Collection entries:
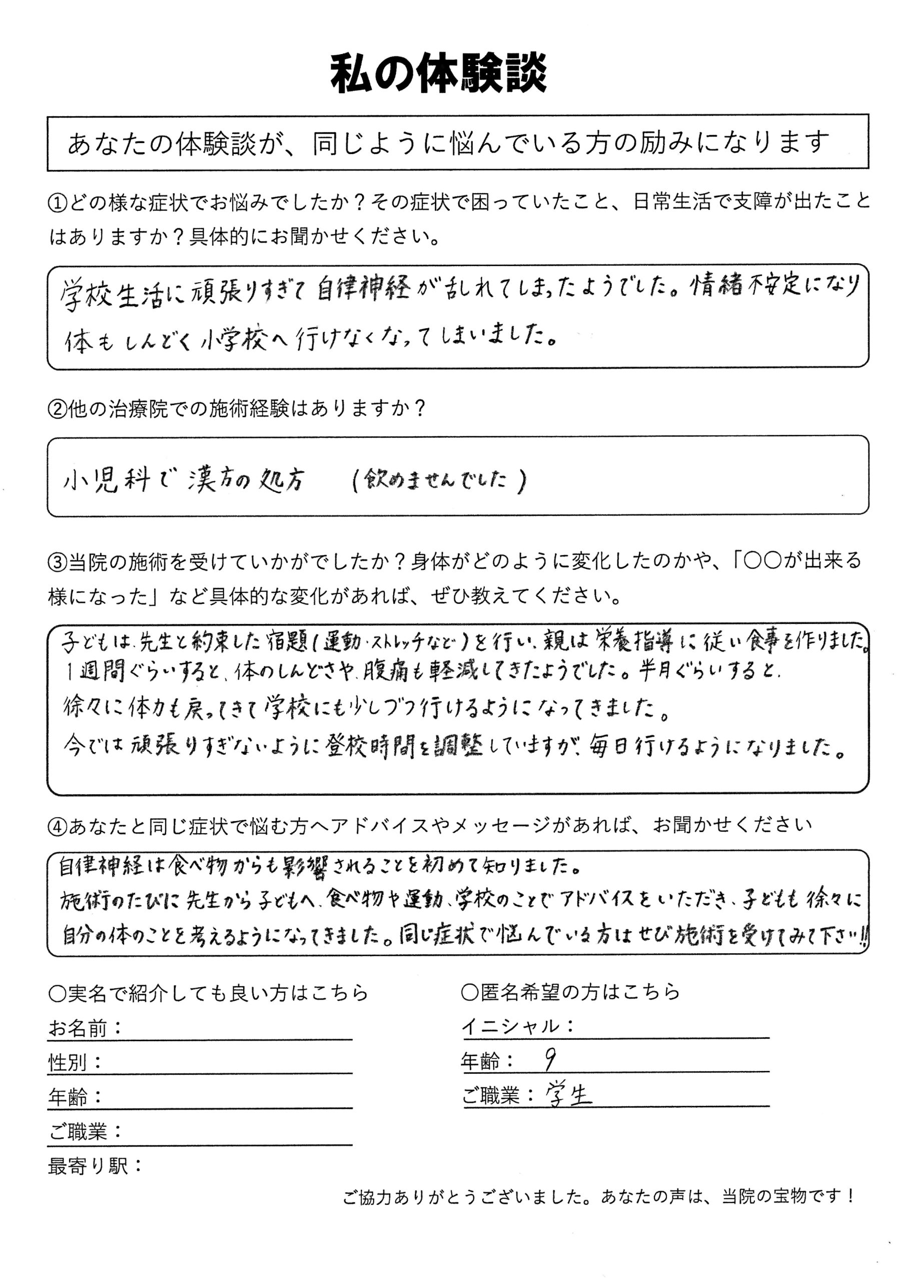 | 腹痛で学校に通えず他の治療院でも改善しませんでしたが、施術を受けてから通学できるようになりました。
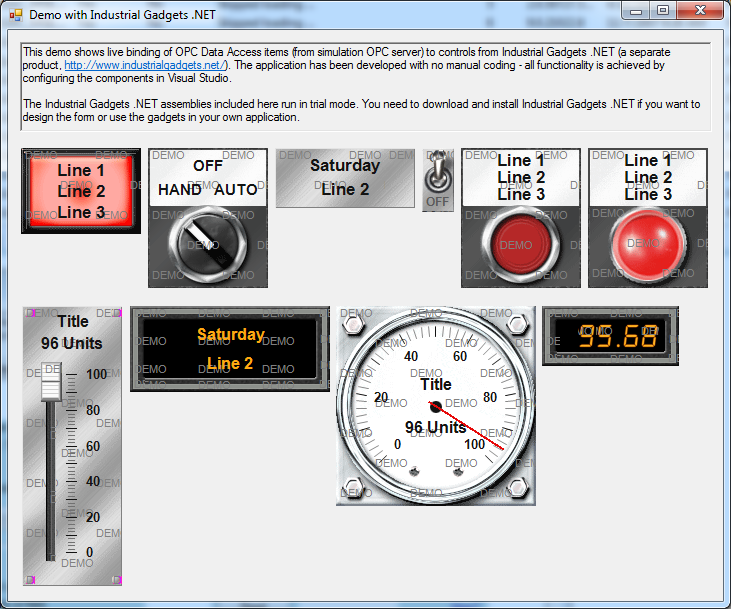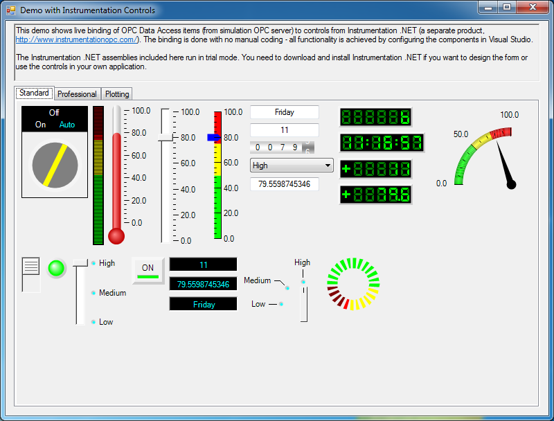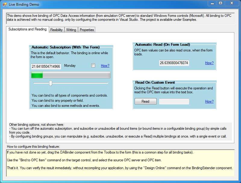 Following screens (click a picture below to enlarge) are taken from examples that are installed with QuickOPC. The demos show live binding of OPC Unified Architecture and OPC Data Access items to standard Microsoft controls, and to controls from 3rd-party products.
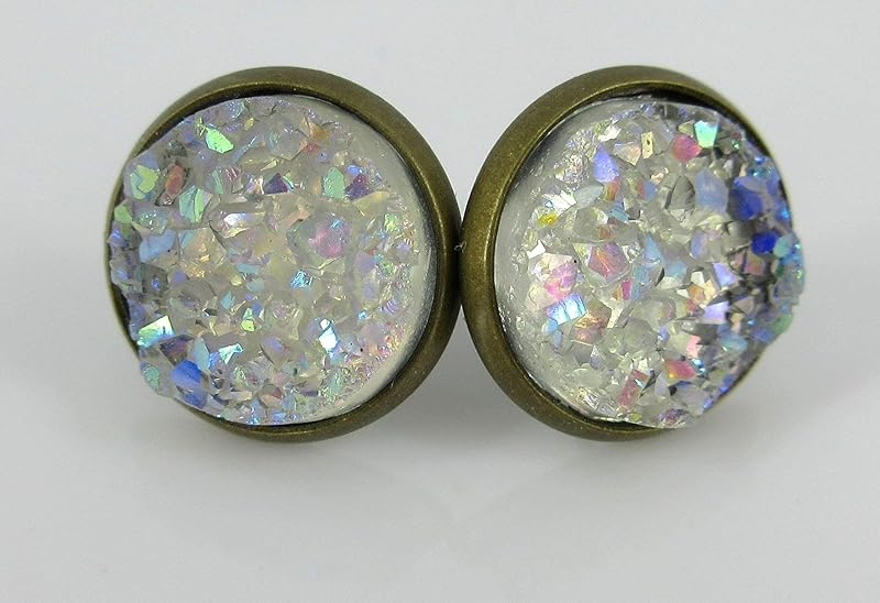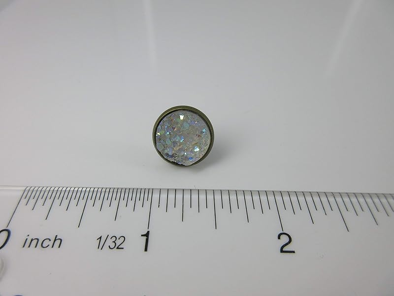 These earrings are so pretty and versatile! The diameter is appx. 1/2". Set in an antiqued gold-tone round bezel setting. Post closure with bullet disc backing. In stock and ready to ship out. Comes in a gift box for easy gift-giving. Nickel, Cadmium and Lead safe.
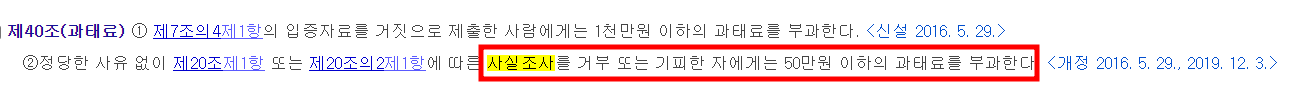 ✅ 만약 사실조사를 거부하거나 기피하면50만 원 이하 과태료를 부과할 수 있으니 꼭 사실조사에 참여하셔야 합니다.
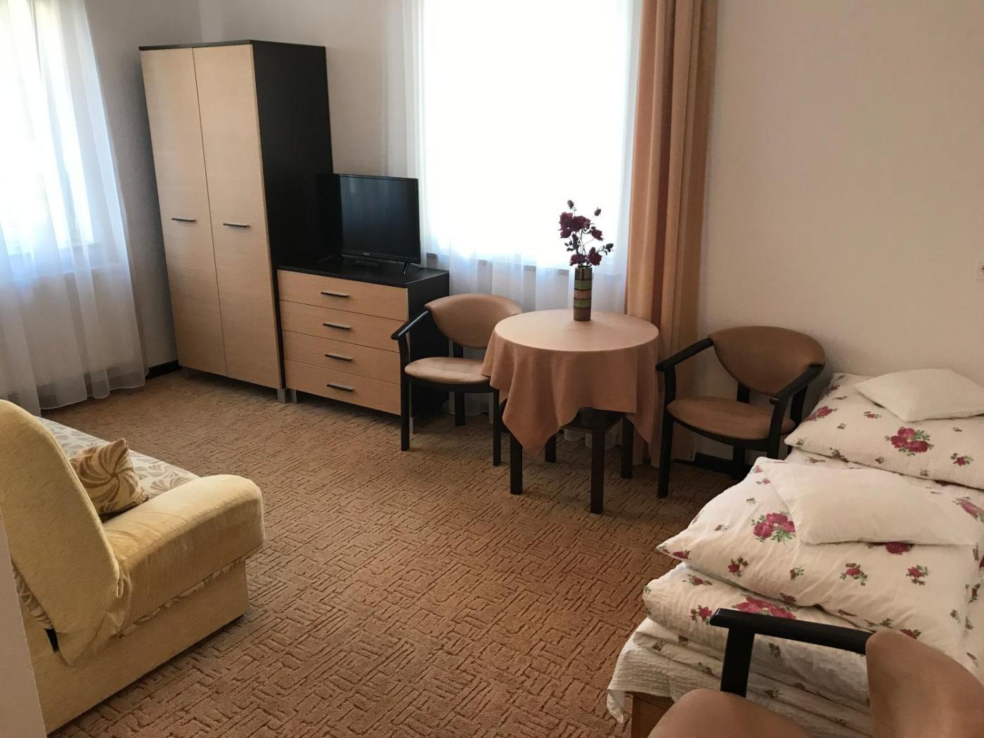 Pokój Trzyosobowy z prywatną łazienką. The triple room features a tea and coffee maker, a dining area, a balcony with garden views as well as a private bathroom boasting a walk-in shower. The unit has 2 beds. Pokój Trzyosobowy - 3 osobowy. Powierzchnia pokoju ok.: 20 mkw. ;
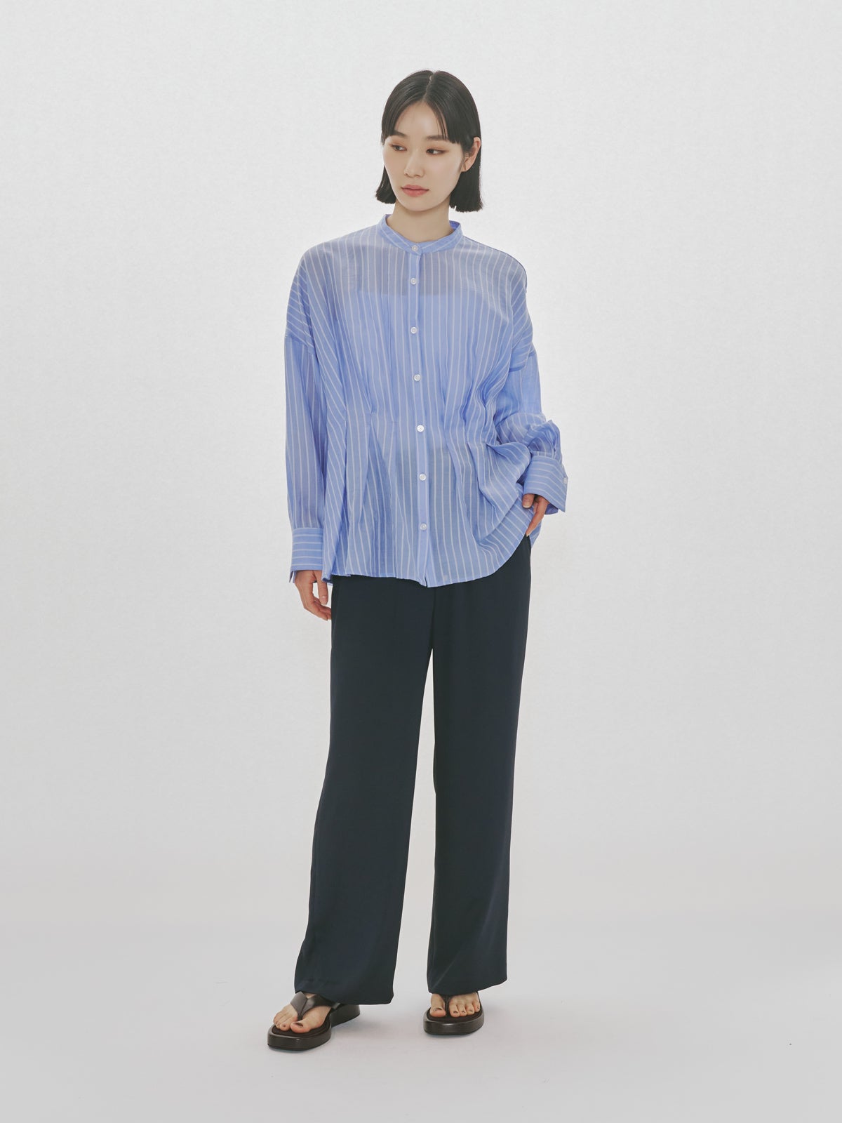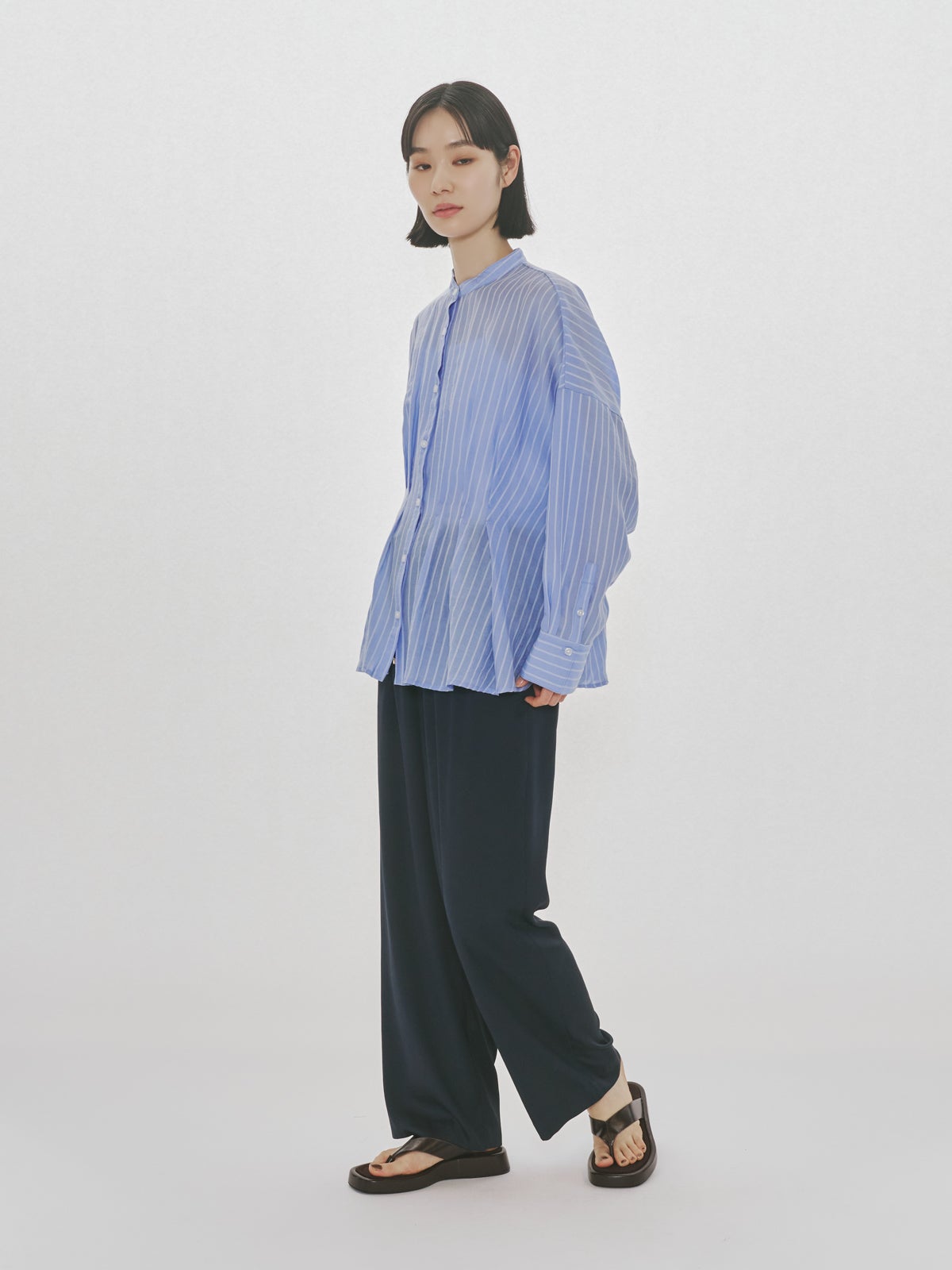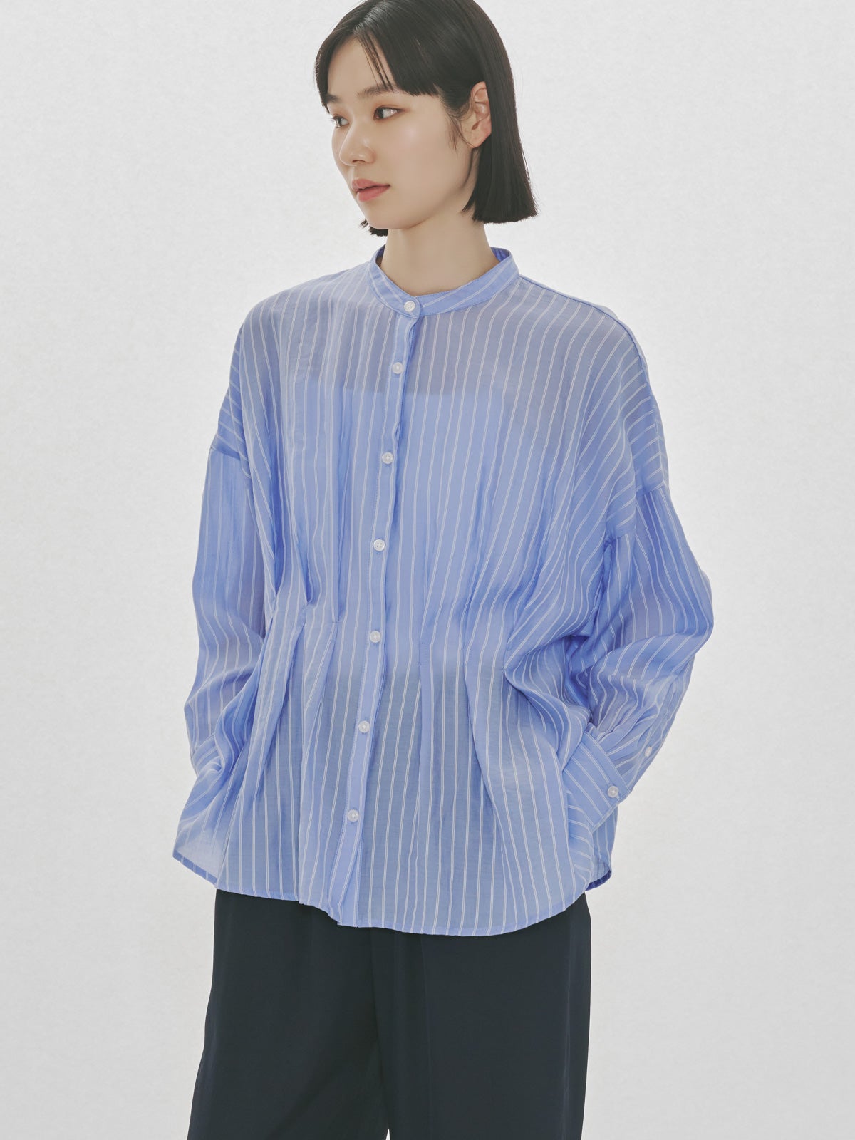 他の画像を見る お気に入りに登録する MIDIUMISOLID MIDIUMISOLID Men’s シアーストライプシャツ price ¥ 27,500 税込 販売期間 2026/04/22 20:00 〜 NEW 26SS
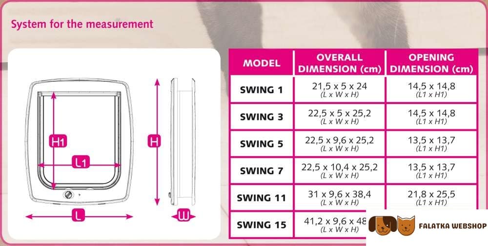 Mágneses kulcsrendszer: egy kicsi és ügyes jelző a nyakörvre erősítve. A mágnes kinyitja az ajtót amikor a kedvence a közelébe ér (Swing 7 típusnál).
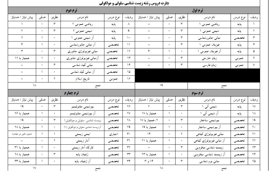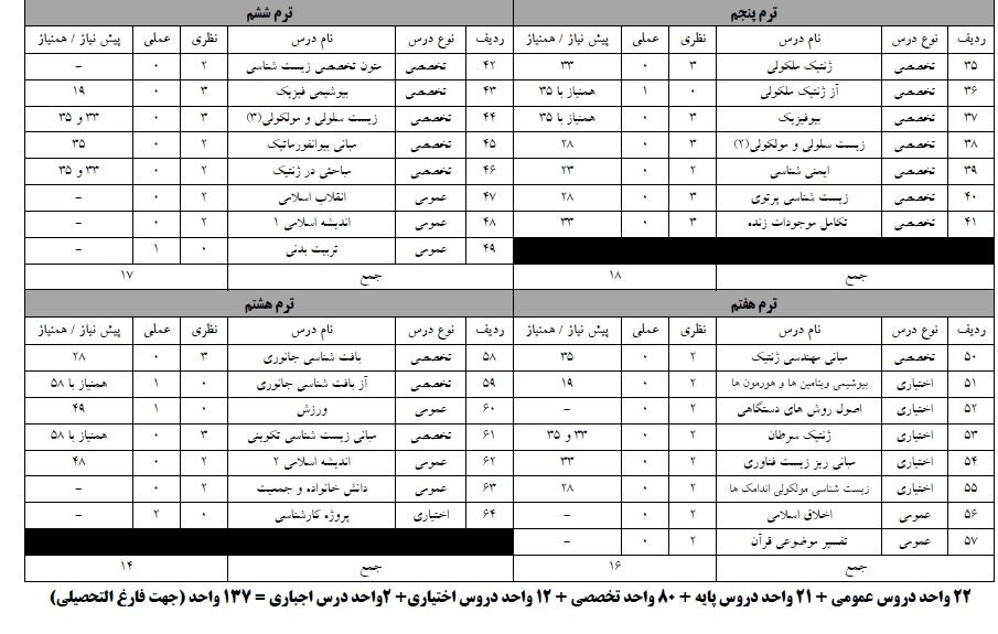 | تعداد کل درس ها : ١٤١ واحد دروس پایه : ٢٠ واحد دروس تخصصی: ٧٨ واحد دروس اختیاری : ١٧ واحد دروس عمومی : ٢٦ واحد |

Aim of the task: Would you give again, exactly, the lines in the data above that run from the line containing "Pokój Trzyosobowy z" to the line containing "Mágneses kulcsrendszer: egy"? Include both ends and no pictures.

Your solution:
 Pokój Trzyosobowy z prywatną łazienką. The triple room features a tea and coffee maker, a dining area, a balcony with garden views as well as a private bathroom boasting a walk-in shower. The unit has 2 beds. Pokój Trzyosobowy - 3 osobowy. Powierzchnia pokoju ok.: 20 mkw. ;
 他の画像を見る お気に入りに登録する MIDIUMISOLID MIDIUMISOLID Men’s シアーストライプシャツ price ¥ 27,500 税込 販売期間 2026/04/22 20:00 〜 NEW 26SS
 Mágneses kulcsrendszer: egy kicsi és ügyes jelző a nyakörvre erősítve. A mágnes kinyitja az ajtót amikor a kedvence a közelébe ér (Swing 7 típusnál).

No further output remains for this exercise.